Sa plume agile se fit connaître à l'occasion de la querelle des Bouffons : Grimm prit le parti de la musique italienne dans un opuscule intitulé : Le Petit Prophète de Boehmischbroda (1753) et connut ainsi un grand succès. Mme d'Épinay rapporte que Voltaire s'écria : « De quoi s'avise ce Bohémien-là ? d'avoir plus d'esprit qu'on en a à Paris ? »

La chance de sa vie fut moins de supplanter Rousseau (qui s'en vengea dans les Confessions) auprès de Mme d'Épinay que de succéder en 1753 à l'abbé de Raynal (1713-1796) comme éditeur de la Correspondance littéraire, cahiers privés destinés dans un premier temps uniquement à la maison de Saxe-Gotha, puis distribués à plus d'un prince européen, y compris la tsarine Catherine, qui invita Grimm deux fois à Saint-Pétersbourg et le nomma colonel de son armée. Devenu de la sorte, comme l'a dit Sainte-Beuve, « secrétaire perpétuel de l'esprit français auprès des puissances européennes », Grimm renseignait tous les quinze jours ces personnalités sur les lettres et le théâtre, et en particulier, à cause de son amitié ancienne avec Diderot, sur l'Encyclopédie ; sa philosophie (athéisme et morale « naturelle ») est celle de Diderot, tandis que Voltaire et son déisme sont jugés tièdes.

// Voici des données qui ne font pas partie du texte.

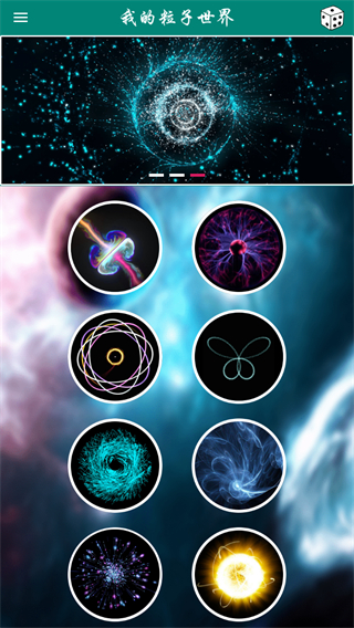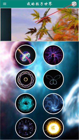 1、在我的粒子世界中,可选择下方不同样式的粒子效果,点击右上角的骰子按钮,即随机生成一种粒子世界。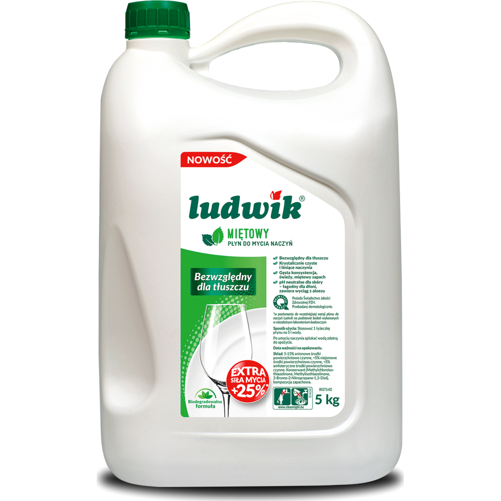 Płyn do mycia naczyń LUDWIK Miętowy mięta 5L. Ludwik płyn do mycia naczyń miętowy wydajny płyn o świeżym zapachu mięty. Nowa, bardziej skuteczna formuła myjącą zapewnia czyste i lśniące naczynia. Posiada biodegradowalną formułę i jest bezwzględny dla tłuszczu, pH neutralne dla skóry i dlatego jest łagodny dla dłoni. Zawiera wyciąg z aloesu.

Pour ce qui concerne le théâtre, Grimm ne voit de salut que dans le drame bourgeois de son ami Diderot, dont il publie volontiers les œuvres.

Outre les informations, qui s'étendaient aux littératures étrangères (l'allemande comprise), aux sciences naturelles, à l'économie, à la médecine, à la technique (Montgolfier), les éminents lecteurs [...]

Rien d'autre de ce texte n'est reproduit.